■ Task item: Each line below must be set down exactly; omit any image you find.

■ Data segment:
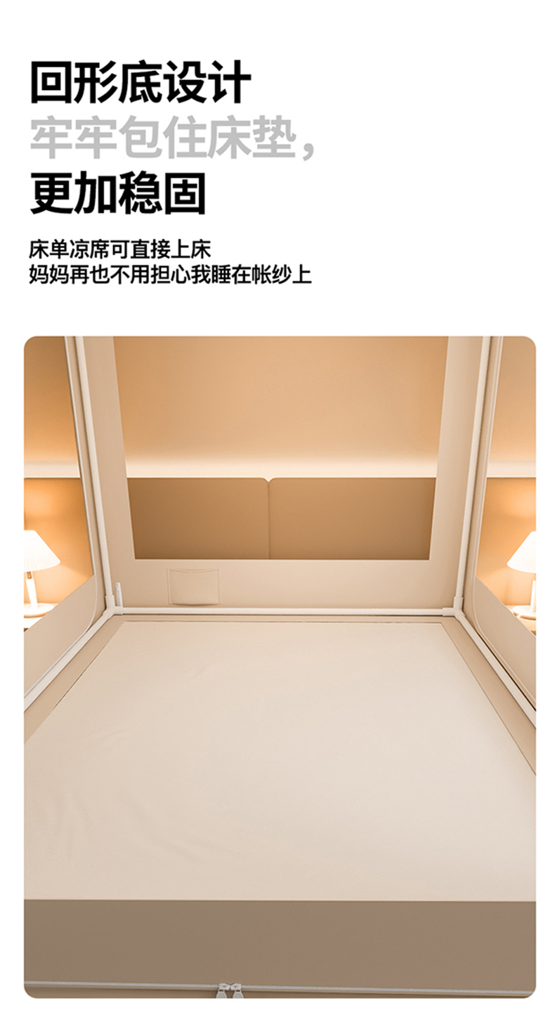 • 91家纺网 家纺一手货源 找家纺 (总)佳梦家纺 2026新款三开门防尘顶免安装蚊帐,大地灰,可可猫,浅米咖,松果蓝
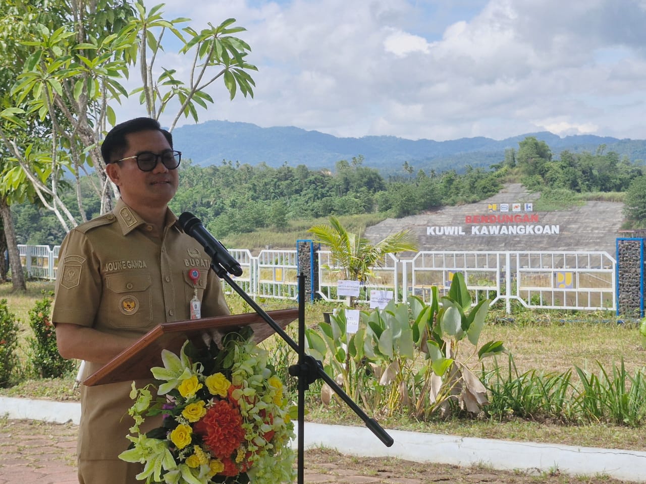 Bupati Joune Ganda dalam sembutannya memberikan apresiasi dan rasa penghargaan yang luar biasa kepada Kejari Minut yang telas menginisiasi kegiatan penanaman pohon di lokasi Bendungan Kuwil ini.
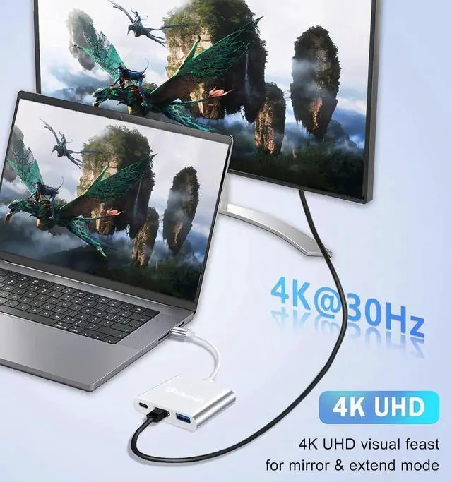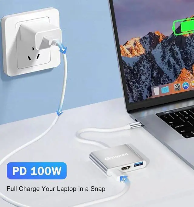 USB C Adapter: This USB C to HDMI multiport adapter with 1 x 4K HDMI port 1 x 5Gbps USB 3.0 data port and 1 x 100W USB C charging port. This 3-in-1 design avoids the trouble of carring too much converter devices. Its Plug & Play Don't need to install extra drivers. Having it will make your life more convenient! USB C to
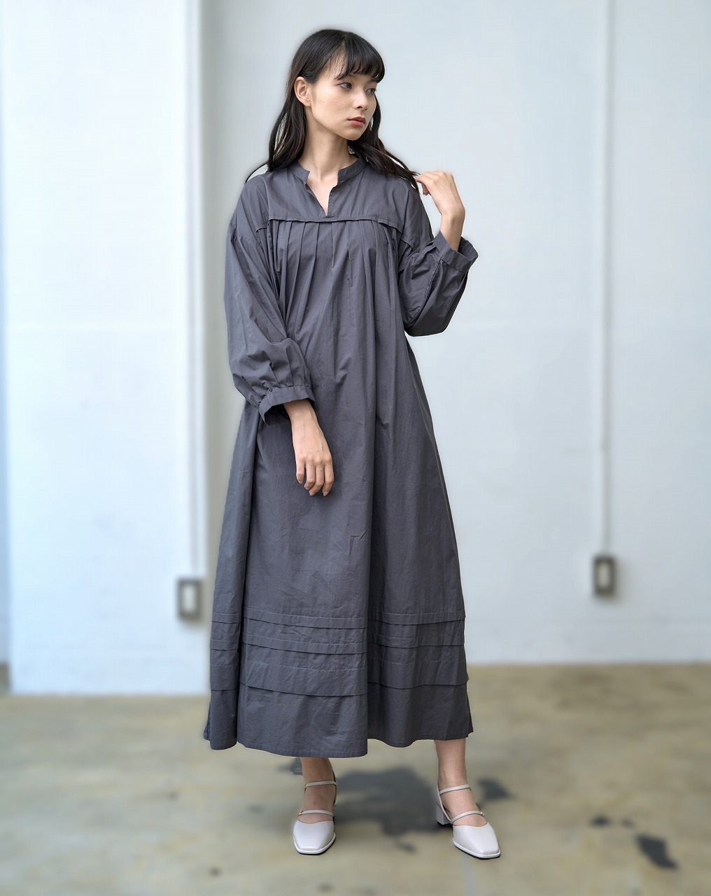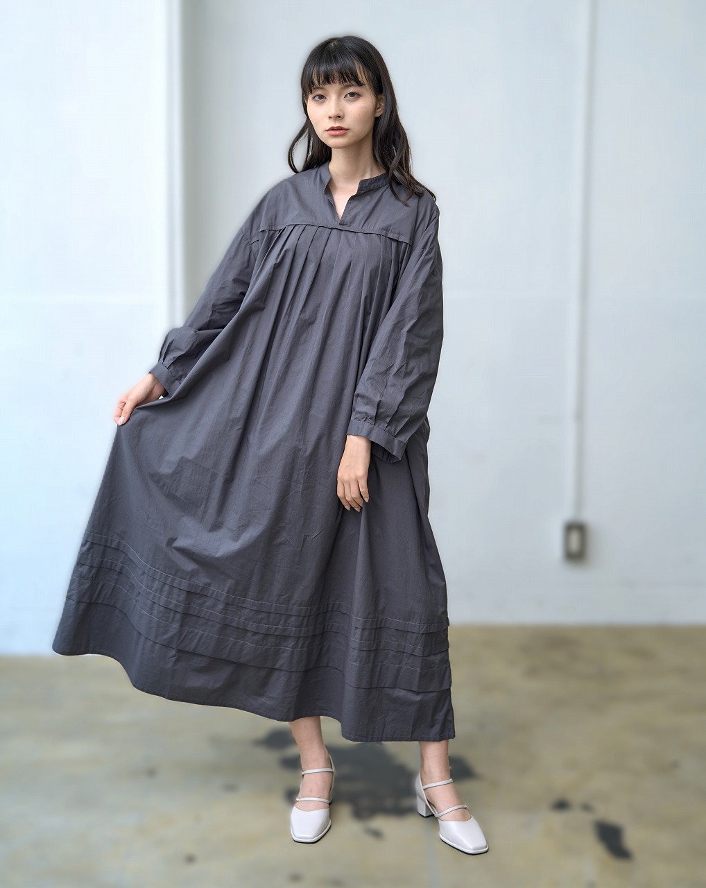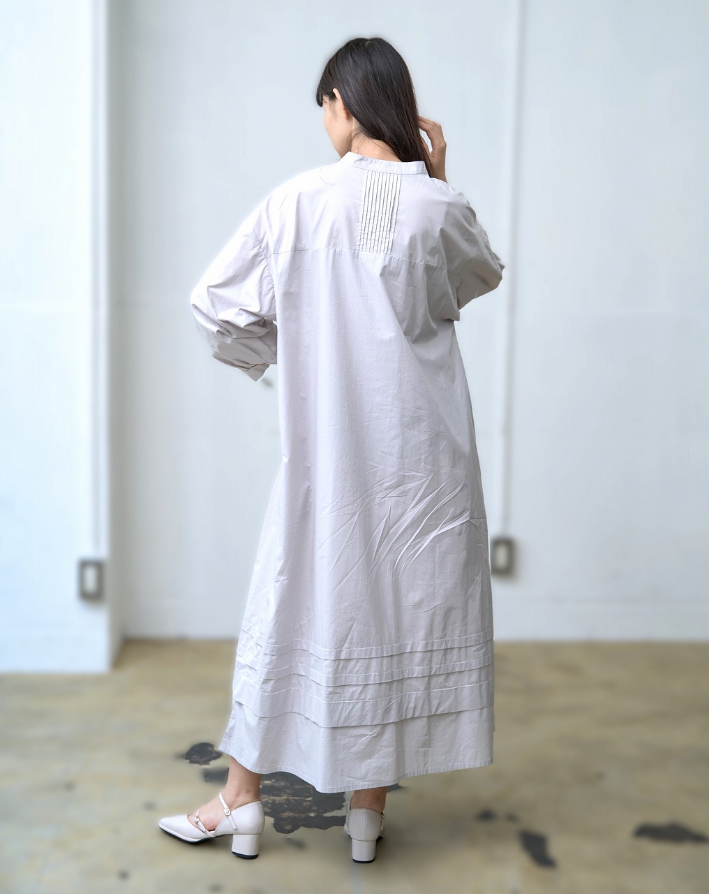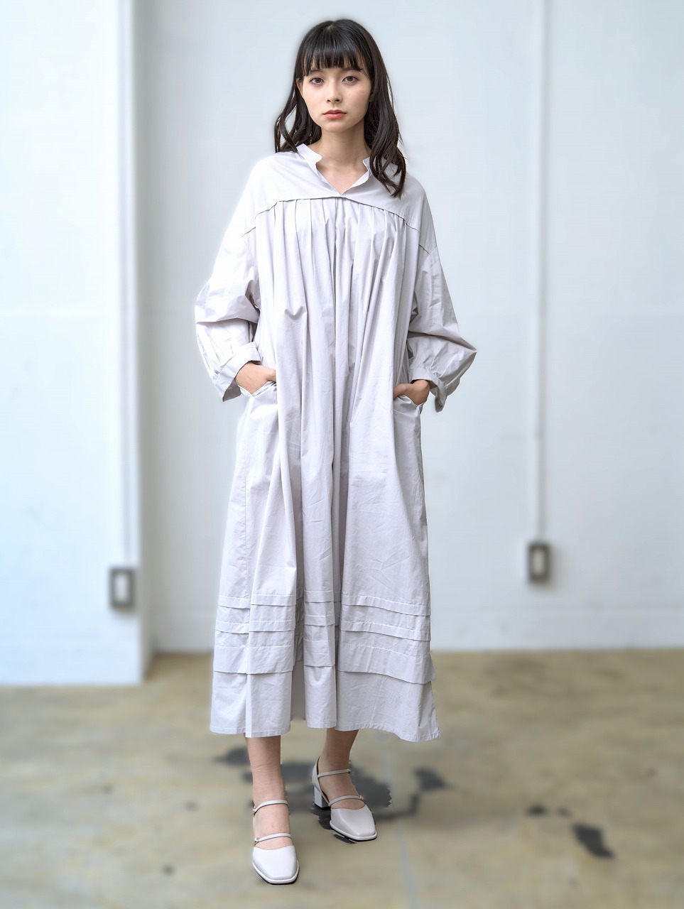 胸元切替で等間隔に並んだタックがアクセントになったロングワンピース。 直線的な構成ながら、空気を含んだAラインシルエットが動きと奥行きを演出。 袖のタックテクニックで大人っぽい可愛さをプラスしています。 綿の柔らかさとハリ感を備えた生地なのでモードに、ナチュラルに着用できます。

■ Output of the task:
 • 91家纺网 家纺一手货源 找家纺 (总)佳梦家纺 2026新款三开门防尘顶免安装蚊帐,大地灰,可可猫,浅米咖,松果蓝
 Bupati Joune Ganda dalam sembutannya memberikan apresiasi dan rasa penghargaan yang luar biasa kepada Kejari Minut yang telas menginisiasi kegiatan penanaman pohon di lokasi Bendungan Kuwil ini.
 USB C Adapter: This USB C to HDMI multiport adapter with 1 x 4K HDMI port 1 x 5Gbps USB 3.0 data port and 1 x 100W USB C charging port. This 3-in-1 design avoids the trouble of carring too much converter devices. Its Plug & Play Don't need to install extra drivers. Having it will make your life more convenient! USB C to
 胸元切替で等間隔に並んだタックがアクセントになったロングワンピース。 直線的な構成ながら、空気を含んだAラインシルエットが動きと奥行きを演出。 袖のタックテクニックで大人っぽい可愛さをプラスしています。 綿の柔らかさとハリ感を備えた生地なのでモードに、ナチュラルに着用できます。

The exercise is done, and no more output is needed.